Transfer Of Shares Agreement

5.14 This share transfer contract can be executed either as an original or in addition to a pendant. On the basis of the principle of equality, mutual benefit and the same price, with respect to the issue of the transfer of 13% of the shares of Zhejiang Hongzhan New Materials Co., Ltd. (hereafter referred to as „company“) held by Part A to Part B, the parties agree with this: 5.5 Each party states that it is not aware of any issues under its control that are negative or detrimental to the performance of its obligations under this share transfer agreement. 5.7 Any delay or non-application of the terms of this share transfer agreement and any delay in the event of a violation of its clause by a party does not constitute a waiver of those rights. 2. TRANSFERT PRICE It is agreed that the shares will be transferred at the price of [PRICE]. THE CÉDANT wishes to transfer the shares to the purchaser on the terms set out in this share transfer agreement. 5.12 This share transfer agreement may be carried out in more than one language between the parties and, in the event of a conflict between the various translations of this share transfer agreement, the English version prevails. The assignor is the registered holder of these shares or shares pursuant to Schedule A (the „shares“). The share transfer form (also known as a share transfer instrument) is a standard document required for the transfer of shares in a company.

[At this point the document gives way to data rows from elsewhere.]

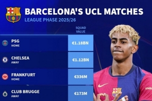 体育资讯8月29日讯 本赛季欧冠联赛阶段对阵抽签结果出炉,德国转会市场盘点了巴萨对手的身价。
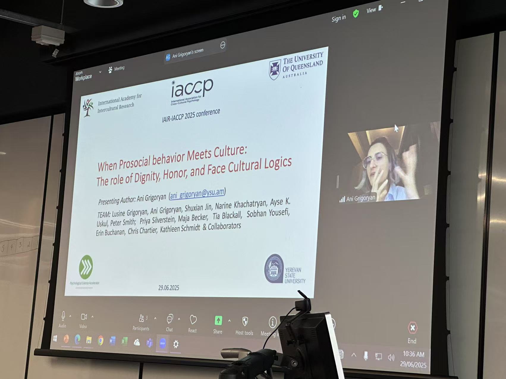 Նշանակալի ծրագրերից էր Ավստրալիայի Բրիսբեն քաղաքում անցկացված միջմշակութային հոգեբանության ոլորտում աշխարհում ամենամեծ համաժողովը, որը վերաբերում էր արժանապատվության, պատվասիրության և դեմքը չկորցնելու արժեքային կողմնորոշումներին։ ԵՊՀ անձ և սոցիալական միջավայր գիտահետազոտական լաբորատորիայի գիտաշխատող Անի Գրիգորյանը հունիսի 20-ին բանավոր զեկույցով հանդես եկավ համաժողովում, որն աշխարհում նմանատիպ առաջին ամենամեծ հետազոտական նախագիծն էր, և ներկայացրեց գիտահետազոտական արդյունքներ։
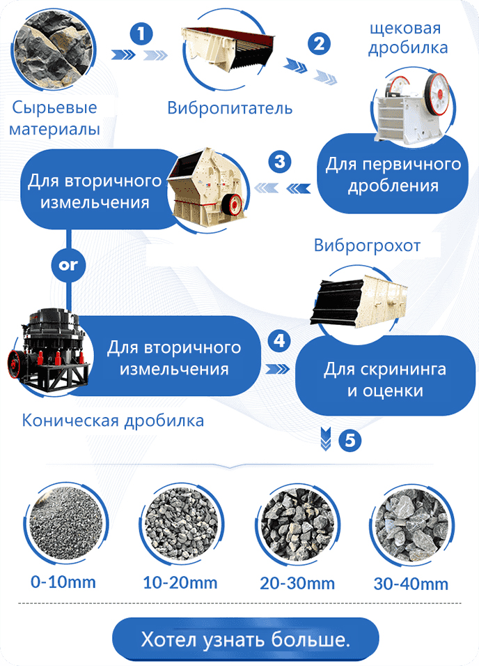 Каменодробильная установка обычно состоит из щековой дробилки, ударной дробилки или конусной дробилки, вибрационного грохота, вибрационного питателя, ленточного конвейера и т. д. Она используется для дробления и просеивания более 120 видов камней и горных пород. Используется в качестве заполнителя в различных отраслях промышленности, таких как строительство, автодороги, железные дороги и т. д.
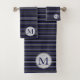 Modern Dark Blue Black Stripes Monogrammed Bath Towel Set
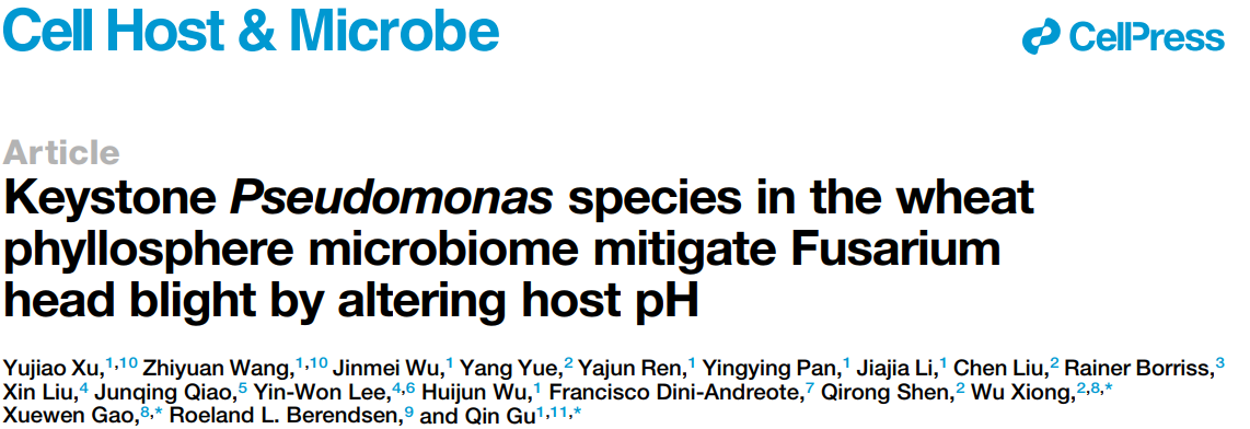 11月20日,南京农业大学植物保护学院、农林生物安全全国重点实验室高学文、顾沁教授团队在《Cell Host & Microbe》上发表题为“KeystonePseudomonasspecies in the wheat phyllosphere microbiome mitigate Fusarium head blight by altering host pH”的研究论文。小麦赤霉病是威胁全球农业生物安全的重大真菌病害,研究发现赤霉病菌侵染小麦时,会通过诱导寄主碱化来增强自身致病力。与此同时,小麦穗部的天然微生物群落中潜藏着一类能够“以酸制碱”的守护者——寄主酸化型假单胞菌。这些细菌在赤霉病菌侵入时被招募至麦穗,分泌有机酸降低病原菌诱导的寄主碱化效应,从而有效抑制赤霉病发生。该发现揭示了寄主、病原菌与有益微生物间围绕pH的精妙博弈,并展示了通过调控寄主微环境实现作物绿色防控的新思路。
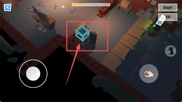 2. 轻点进入游戏页面,滑动左侧操控键,操纵角色向前行进,获取前方的控制杆。
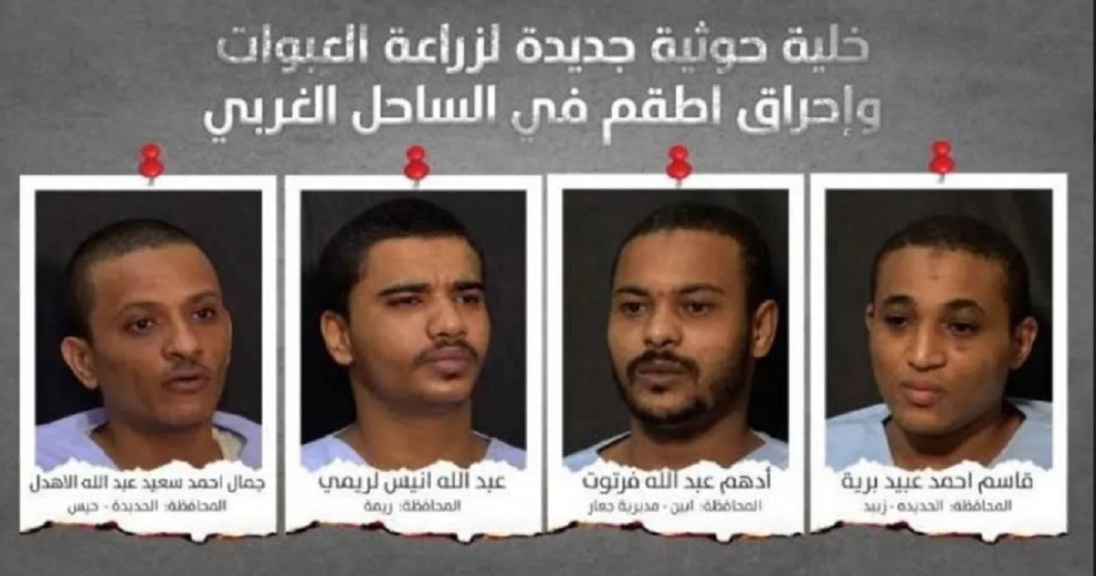 La cellula reclutata da un leader Houthi, un funzionario delle cellule che piazzano bombe, di nome Muhammad Ali Ali Hizam Al-Soudi, soprannominato Abu Moataz Al-Soudi, comprendeva 4 membri della popolazione del Governatorato di Hodeidah. I suoi componenti erano: Adham Ali Abdullah Fartout Al-Hasani, soprannominato Adham Al-Adani, Qasim Ahmed Obaid Beriah, Abdullah Anis Abdul-Malik e Qasim Barih.
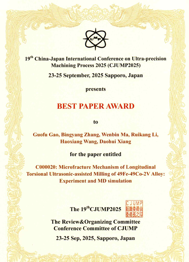 团队成员硕士生张丙洋(共同作者)参加了(视频)会议并作题为《Microfracture mechanism of longitudinal torsional ultrasonic- assisted milling of 49Fe-49Co-2V alloy: experiment and MD simulation》(Best Paper Award)的学术报告,详细介绍了超声辅助铣削技术的最新研究成果,对49Fe-49Co-2V等脆性合金微观断裂机理进行了深入探讨,对软磁合金高性能构件的工业应用具有重要意义。
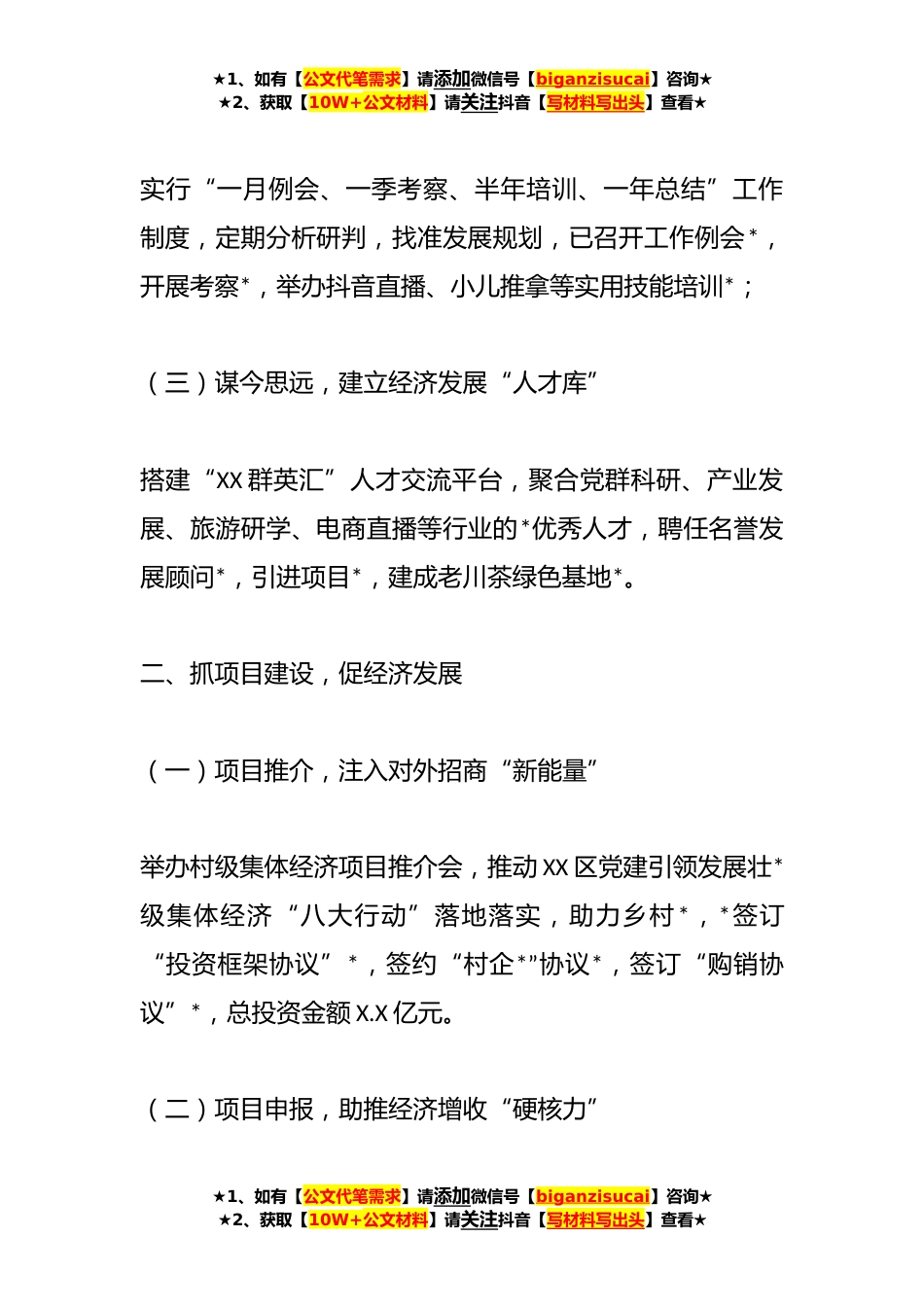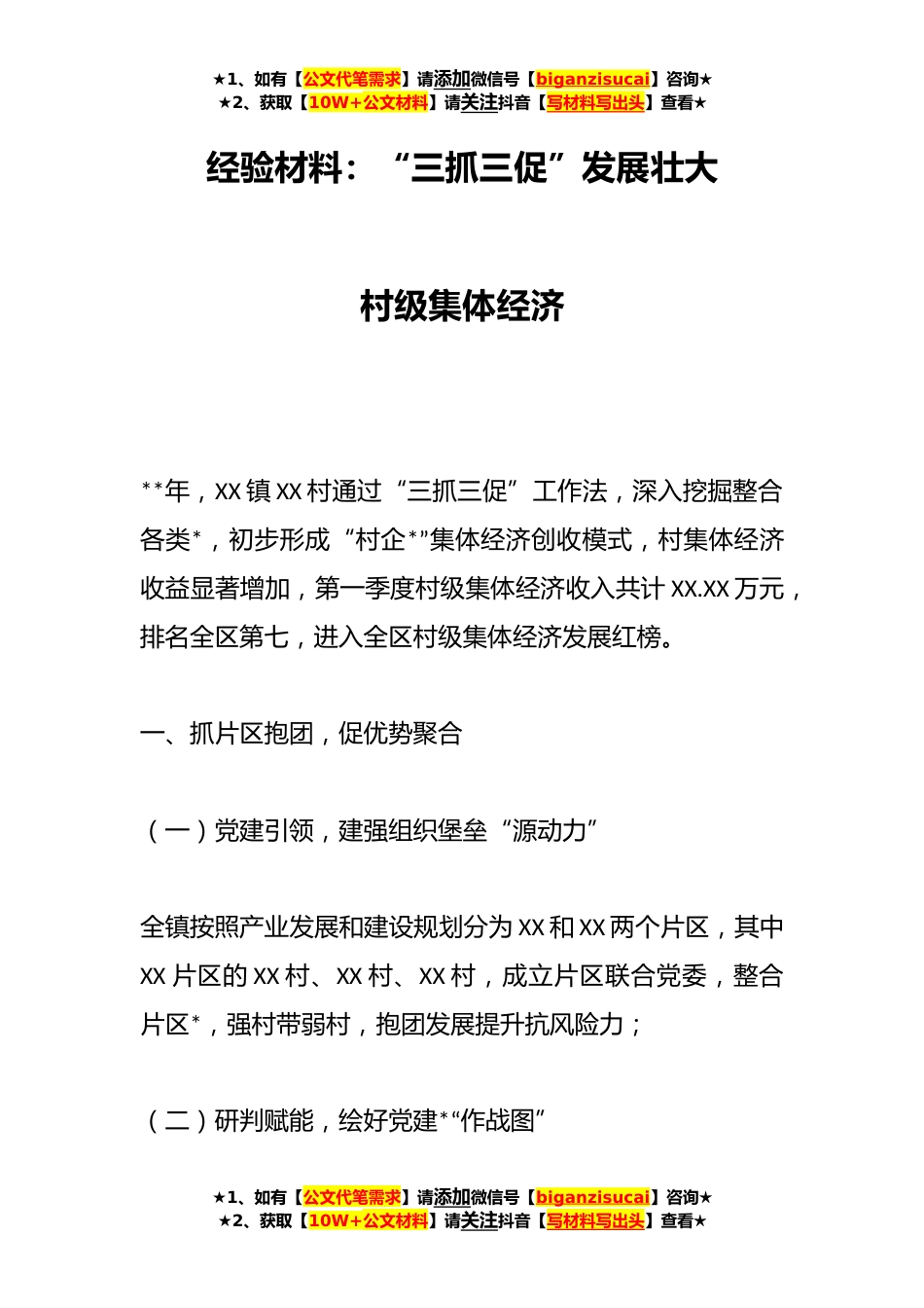 ★1、如有【公文代笔需求】请添加微信号【biganzisucai】咨询★★2、获取【10W+公文材料】请关注抖音【写材料写出头】查看★经验材料:“三抓三促”发展壮大村级集体经济**年,XX镇XX村通过“三抓三促”工作法,深入挖掘整合各类*,初步形成“村企*”集体经济创收模式,村集体经济收益显著增加,第一季度村级集体经济收入共计XX.XX万元,排名全区第七,进入全区村级集体经济发展红榜。一、抓片区抱团,促优势聚合(一)党建引领,建强组织堡垒“源动力”全镇按照产业发展和建设规划分为XX和XX两个片区,其中XX片区的XX村、XX村、XX村,成立片区联合党委,整合片区*,强村带弱村,抱团发展提升抗风险力;(二)研判赋能,绘好党建*“作战图”★1、如有【公文代笔需求】请添加微信号【biganzisucai】咨询★★2、获取...

It is used when a shareholder intends to sell or transfer its shares to another party. 8.1 This transfer of shares is under the exclusive jurisdiction of the laws of [STATE AND COUNTRY]. In general, most private companies require the board of directors to approve any transfer of shares. Provided consent is given, shareholders are generally free to manage their shares at their own stop. So, while you were just doing business with your friend Joe, Joe could sell his shares to his friend Lisa, and if you don`t control the board, there`s little you can do to stop him. 1.1 The assignor transfers all shares to the purchaser in absolute terms, taking into account the amount mentioned in point 2. In most cases, a shareholder pact would allow Joe to transfer his shares to certain designated persons, such as a holding company wholly owned by Joe or a family company of which Joe is the sole agent. These authorized ceders are commonly referred to as „authorized units.“ Shareholders can decide for themselves which transfers should always be allowed and which transfers should be wiretapped.